If there are some moral problems in this form of Noica apolitical resistance, then these are exactly the lack of any intention of engaging into political action, in any form, in any way. We are left with some kind of a disconcerting idea of mystico-humanistic deliverance. There is also a sectarian feeling traversing the book--which is also understandable in light of Ceausescu's cruelly autocratic governance--but one keeps wondering if the paideic model is an elitist formula for a "city of gods." What about the average Romanian citizen, student, reader--in either communism or post-communism?
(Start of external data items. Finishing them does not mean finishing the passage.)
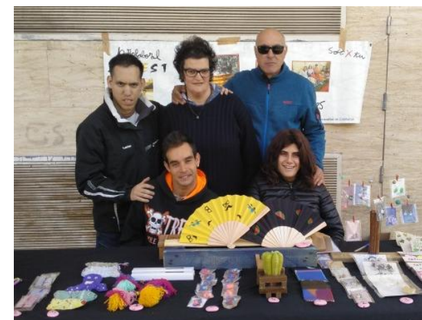
El primer dilluns a la paradeta

El dilluns 18 de març ha tornat a obrir la paradeta a la Plaça del Mercat Central. Tornen els productes estrella: llibretes i ventalls. Com a novetat s'han fet productes amb la temàtica del mar que és el tema de la festa a la Ciutat d'enguany. A més trobareu articles de bijuteria artesanal, clauers, testos i productes de la temporada estival.
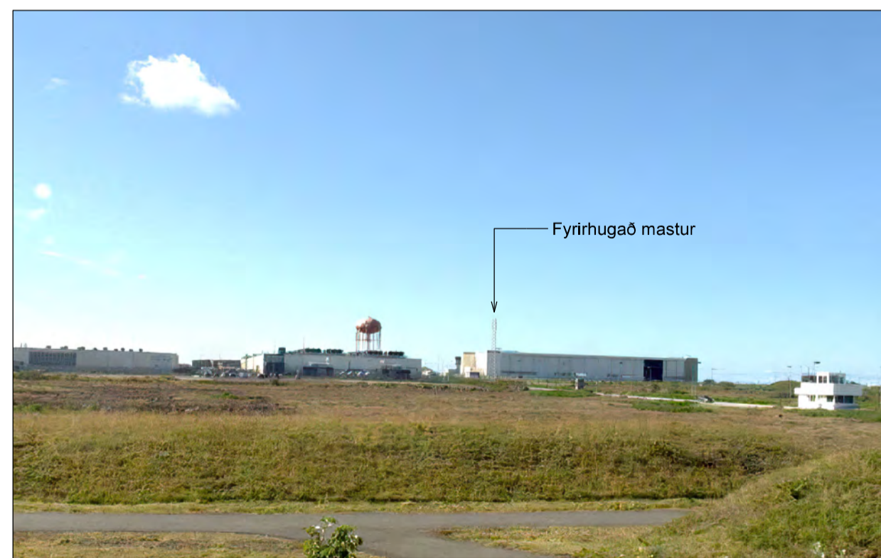
Í norðurátt frá Valhallarbraut
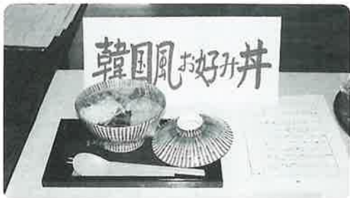
最優秀賞に輝いた 『韓国風お好み丼』
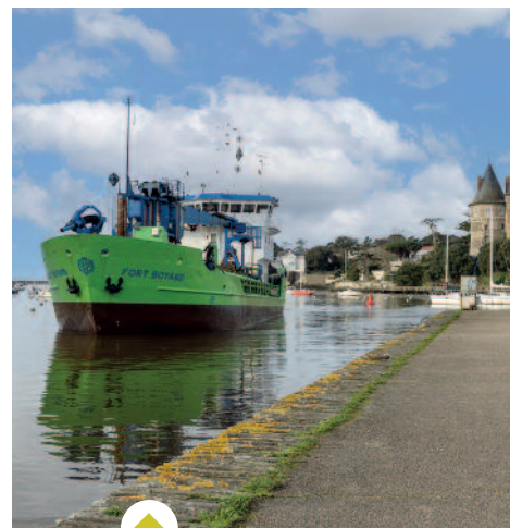
Cinq ans après sa dernière visite, la drague Fort Boyard est revenue le 15 février pour désenvaser le chenal d'accès au port de la Noëveillard.
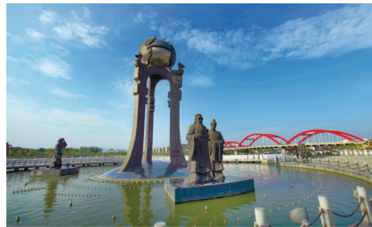
图为蓝天下泗水县圣源湖景区一隅。刘凯摄

金乡县发改、生态环境、公安、住建等各部门密切协作,重点围绕煤矿煤场、商品混凝土、移动源、在建工地等强化管控措施,确保减排到位,全力保障青山常在、绿水常流、空气常新。 刘凯
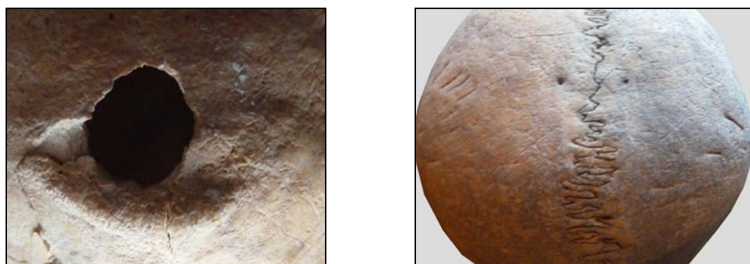
Рис. 11. Трепанационное отверстие на затылочной кости и поверхностные рубцы на теменных костях. Материал из могильника Карашамб (♂ 20–25 лет).

В этой же краниологической коллекции (Карашамб, IX в. до н.э.) следует выделить череп из раскопок 1985 г. Мужчина скончался в возрасте 20–25 лет. Череп небольших размеров, свод отчетливо долихокраний. Наименьшая ширина лба средняя, длина основания черепа маленькая, а лица — средняя. На черепе выявлен метапический шов. Из генетически наследуемых маркеров также отмечены буккостиль на верхних молярах (т.е. дополнительный бугорок стилоидного типа на вестибулярной поверхности параконуса), os wormii suturae squamosum , os wormii suturae lambdoidea , foramina mastoidea (на шве), foramina spinosum (отсутствие), foramen parietale , canalis condyloideus , canalis hypoglossi bipartite .
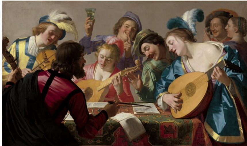
Gerard van Honthorst, Het concert , 1623

Al in de 17de eeuw huurden de in de Gouden Eeuw rijk geworden kooplieden in Amsterdam zangers en musici in om in hun salons op te treden. Men maakte ook zelf muziek. Op schilderijen uit die tijd zien we dat niet alleen voor de gegoede burgerij, maar ook voor de eenvoudige lieden het zingen en spelen op instrumenten een bron van vermaak was. De liedboeken waren niet aan te slepen! In de 18de eeuw verschenen allerlei muziekmethoden die ervoor zorgden dat meer mensen in de huiselijke kring serieuze muziek konden beoefenen.
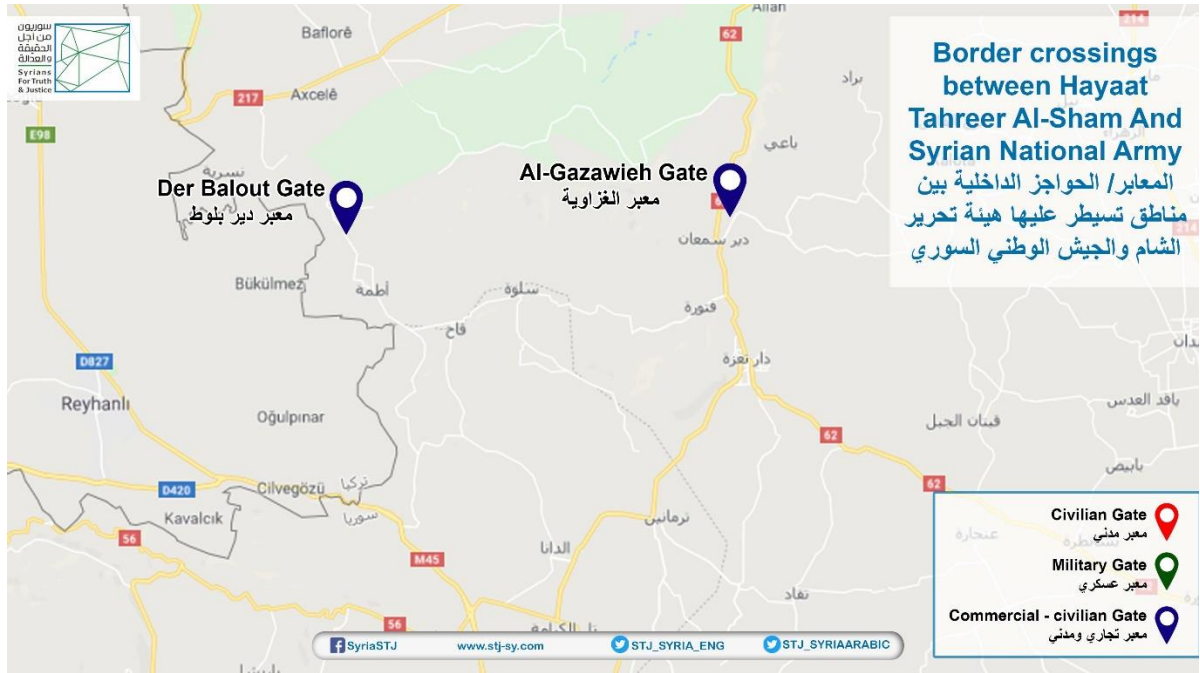
خارطة توضح موقع الحواجز بين هيئة تحرير الشام والجيش الوطني السوري/الإئتلاف السوري المعارض.
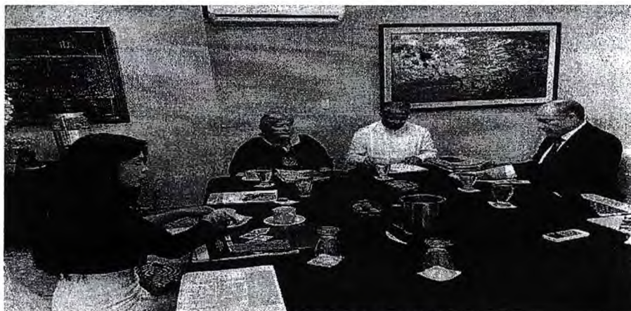
Imagen 1. Sesión de Mesa Directiva

Asimismo se tomaron acuerdos en torno a las siguientes actividades en las que se involucrará el Parlamento Andino, como son el Encuentro de Autoridades Territoriales, el Encuentro de Rectores Andinos y el Foro Regional de Migraciones para América Latina y el Caribe. Estos eventos serán espacios importantes donde se podrá evaluar el trabajo realizado por el Parlamento Andino en los tópicos de gestión gubernamental descentralizada, educación y migraciones, los cuales son de gran relevancia para el desarrollo de los pueblos andinos.
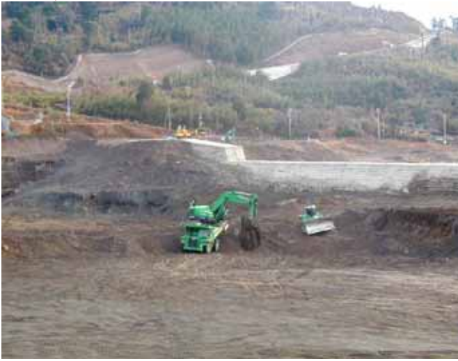
砂防ダム堆砂敷を無人機械で掘削・運搬 地区外へ搬出
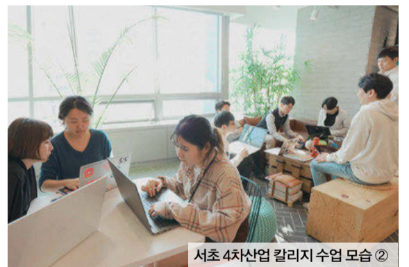
서초 4차산업 칼리지 수업 모습 ②
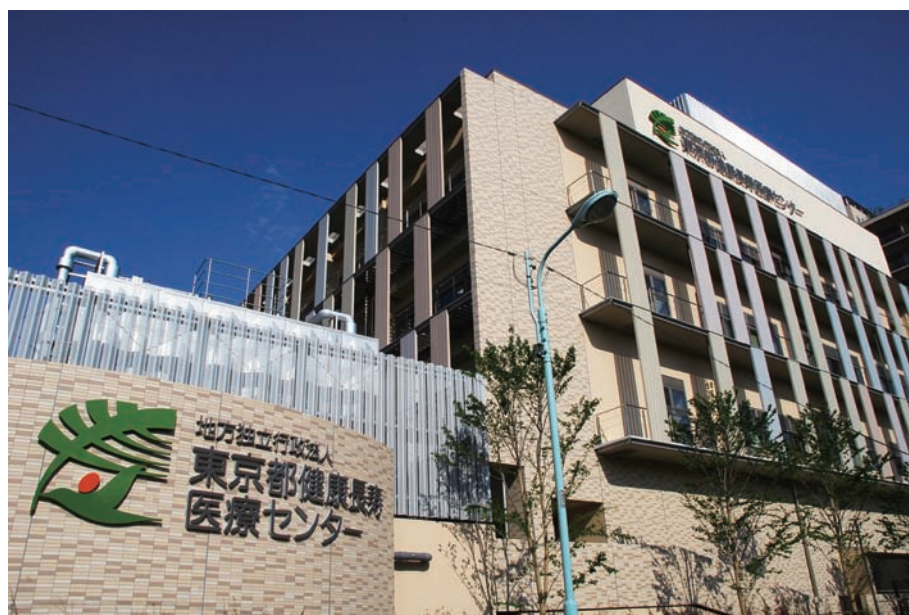
写真1 新研究所の外観

研究所1階には多目的室（写真4）、PET診療エリア（写真5）とRI総合実験室があります。多目的室は、従来の社会科学系を中心とした各種事業の他、まとまった人数を収容できる施設としてさまざまなイベントに
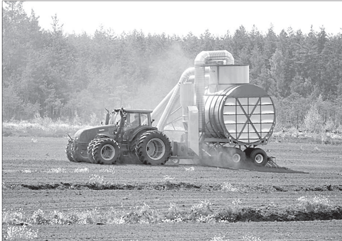
Специальный аппарат по сбору фрезерного торфа. Трактор тянет агрегат, приобретенный в Канаде, который, как пылесос, втягивает сырье в бункер, затем оно отгружается на край дороги.
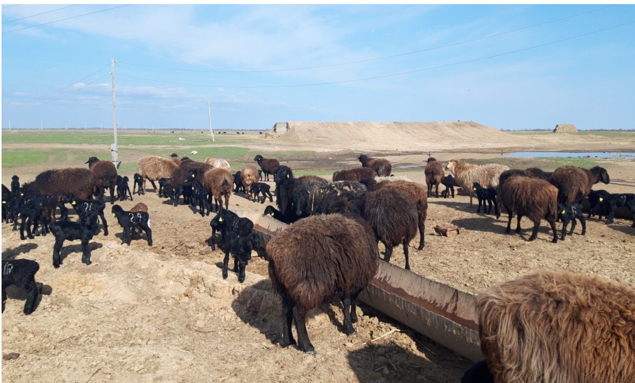
Фото 2 – Объягившиеся овцематки на водопое хояйства
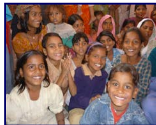
4ª SEMANA: CONFÍA
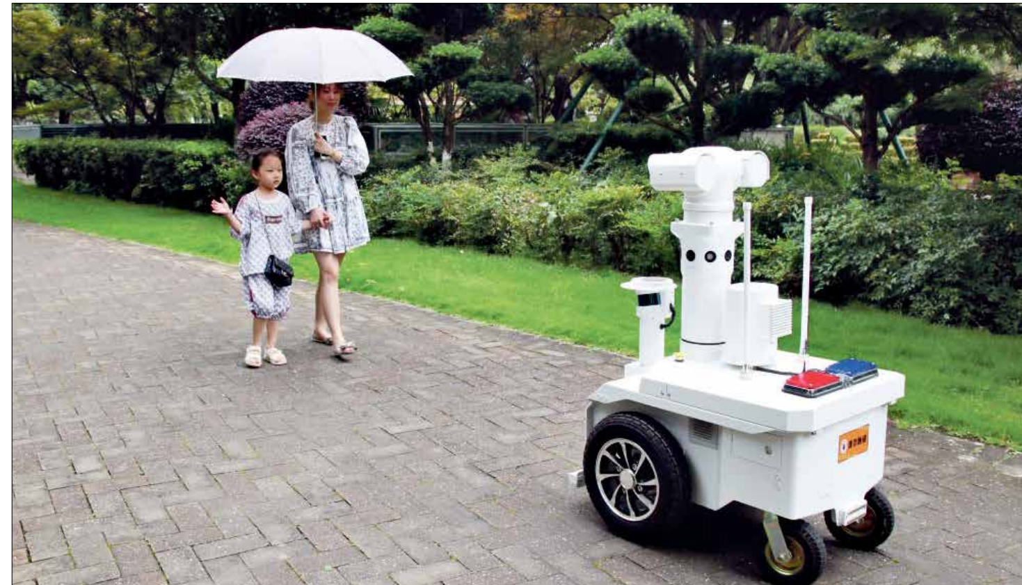
يراقب مكالمات ريمب المارات في مجمع سكني بالصين
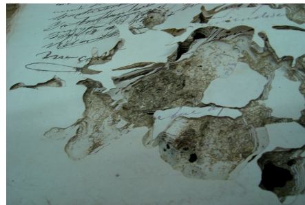
Daño por polilla
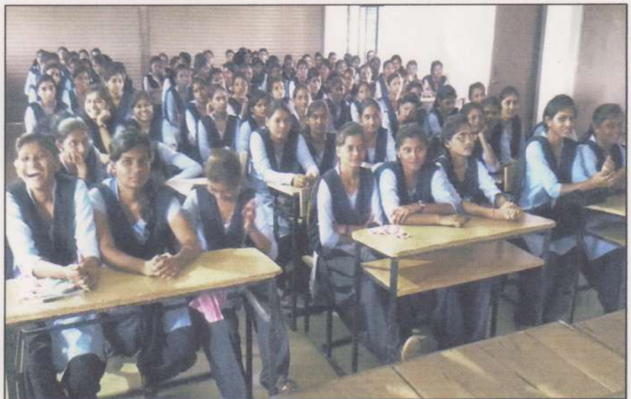
Students of Department of History during the Inaugural Ceremony of History Subject Literary Association

How could such a paideic model empower them change their "human condition" and command them as masters over their own destiny as individuals, as "citizens of the polis?" Yet another problem is the total absence of a critical discussion over Noica's fascist past as an intellectual-legionnary in interwar Romania. The distinction between, on the one hand, Noica, Mircea Eliade Emil Cioran, and their master Nae Ionescu, and, on the other hand, the Iron Guard, the legionnaries par excellence, is quite significant, but there is no debate about this issue in the book, at least in a preface or introduction. One wonders if this is not an effort to mystify uncomfortable unspoken truths. It is a great mistake to leave Noica's past open to speculation and re-appropriation by ill-intentioned neo-fascists. On the other hand, a critical engagement into the political positioning of this interwar generation of intellectuals would clarify if and how such a political dedication could alter Noica's philosophy, Eliade's myths, or Heidegger's philosophy, as various pros and cons have been voiced in this regard. Finally, are these things discussed in Romania or are they "politically incorrect" critical approaches? It is interesting that neither the publishing house nor the editorial review mentions such insights, which are normally studied in the history departments of any decent western university.

Nonetheless, the Paltinis Diary remains a valuable proof of "life under communism," of human aspiration for knowledge, of the particular intellectual conditions of Romania, and of challenging intellectual relationships between past, present, and future.